►

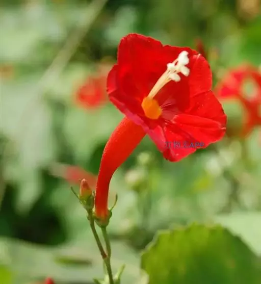 聚伞花序腋生,有花3-6朵,总花梗细弱,较叶柄长,有2苞片,花柄长约1cm,小苞片2;萼片5,不相等,卵状长圆形,钝头,有长芒尖,芒线状,长2mm,着生于萼片顶端稍下方;花冠高脚碟状,橙红色,喉部带黄色,长达8-25mm,管细长,于喉部骤然展开,冠檐5深裂;雄蕊5,显露于花冠之外,稍不等长,花丝丝状,基部肿大,有小鳞毛,花药小;雌蕊稍长于雄蕊;子房4室,每室1胚珠;花柱丝状,柱头头状,2裂。
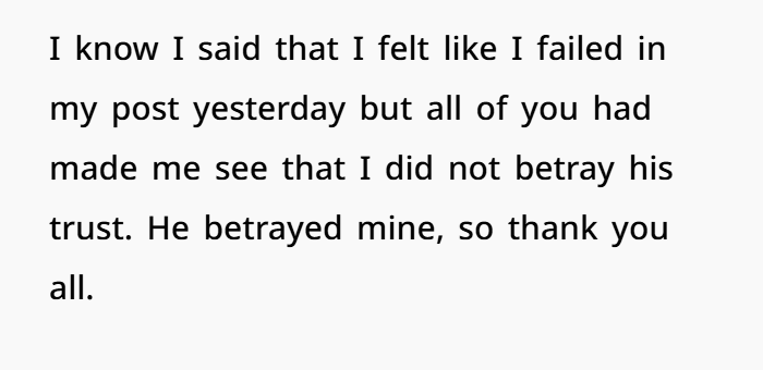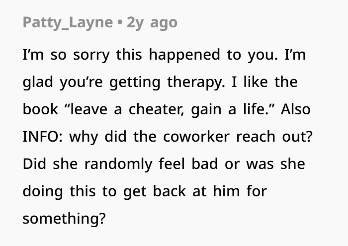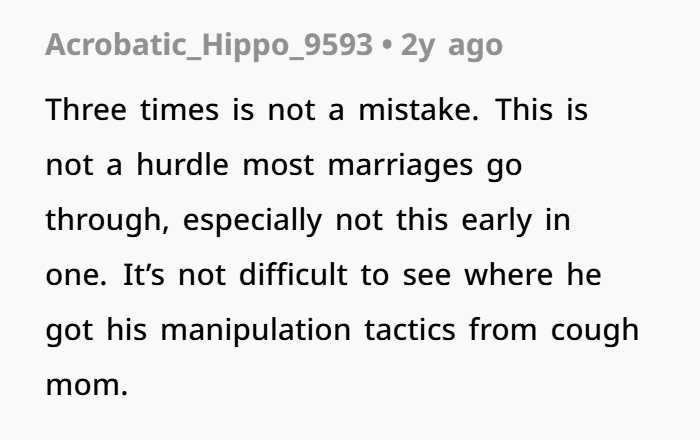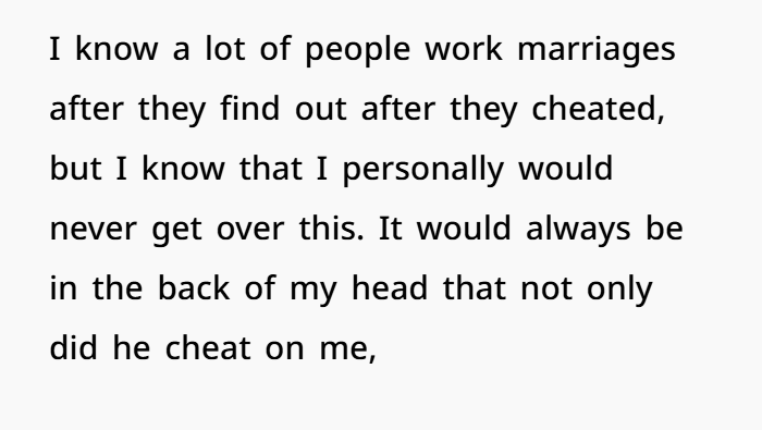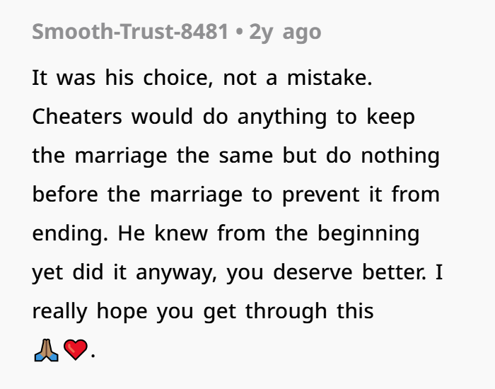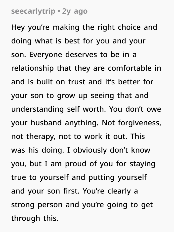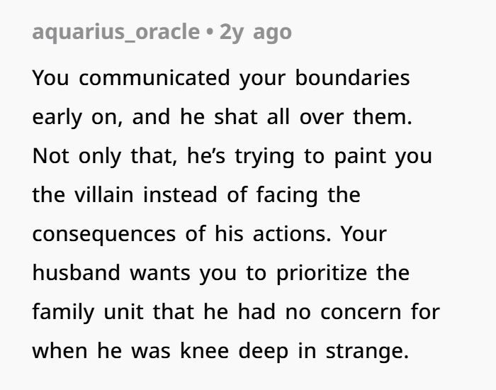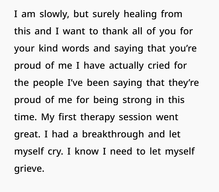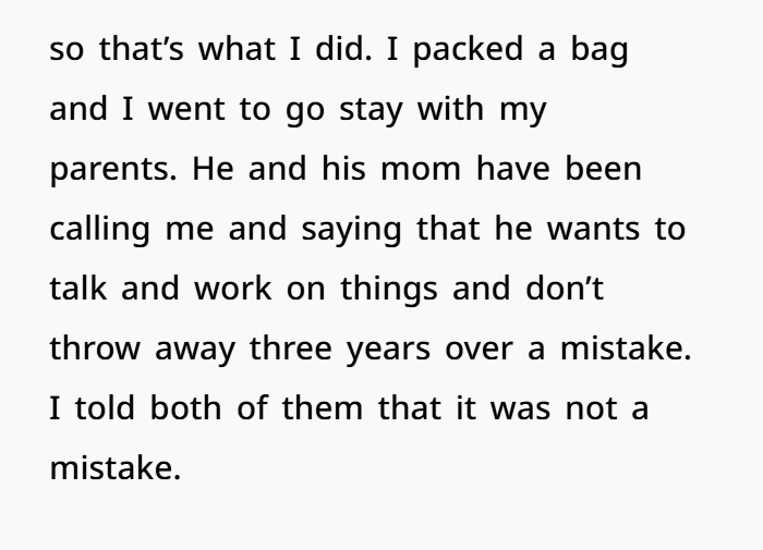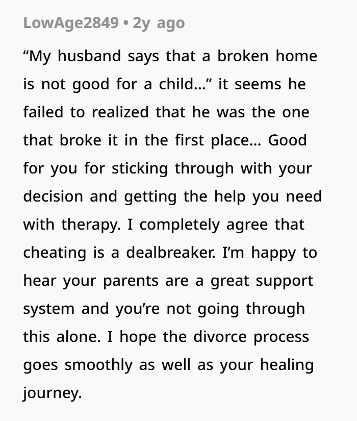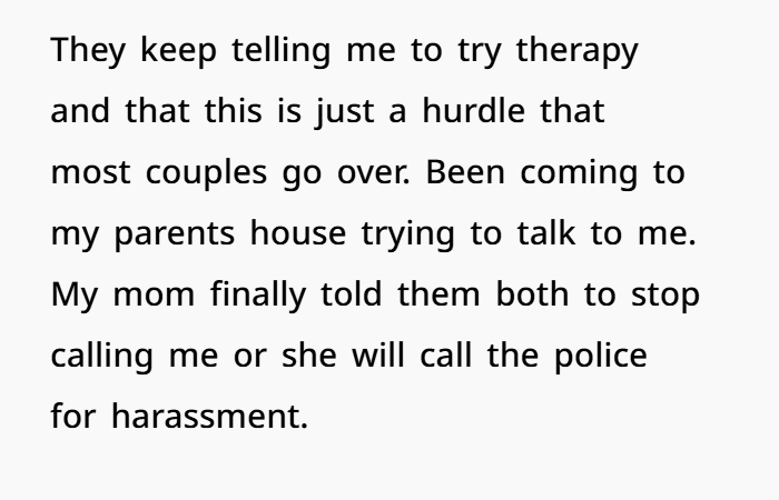 Her husband and MIL pushing for “couples therapy” is just another way of avoiding consequences. Therapy works when both people are willing to do the hard work. But in this case? She knows the truth: she’ll never trust him again. And it’s not her job to rebuild trust with someone who set it on fire.
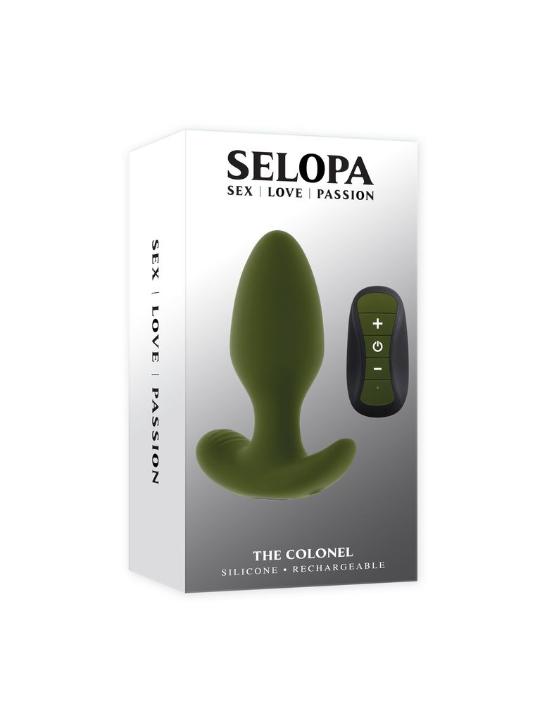 The Colonel — это массивная вибрирующая пробка с дружелюбной округлой формой и суженным круглым кончиком для плавного введения. Её мощный мотор управляется с помощью пульта дистанционного управления или кнопки на широком основании.
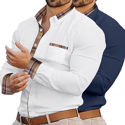 Per uomo Camicia Camicia elegante Camicia casual Camicia con Bottoni Blocco di colori Formale Affari Bianco rosa Bianco nero Pink Blu Bianco blu Manica Lunga Bavero Primavera Autunno Tutte
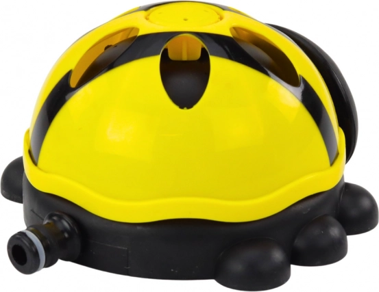 Gewoon aansluiten op een tuinslang en het lieveheersbeestje begint waterplezier alle kanten op te spuiten.

◄

▶ [What you have to do]: Exactly the lines from the one with "The Colonel —" through the end of the records should be written out, and only those. Pictures do not belong in the copy.

▶ [Task solution]:
 The Colonel — это массивная вибрирующая пробка с дружелюбной округлой формой и суженным круглым кончиком для плавного введения. Её мощный мотор управляется с помощью пульта дистанционного управления или кнопки на широком основании.
 Per uomo Camicia Camicia elegante Camicia casual Camicia con Bottoni Blocco di colori Formale Affari Bianco rosa Bianco nero Pink Blu Bianco blu Manica Lunga Bavero Primavera Autunno Tutte
 Gewoon aansluiten op een tuinslang en het lieveheersbeestje begint waterplezier alle kanten op te spuiten.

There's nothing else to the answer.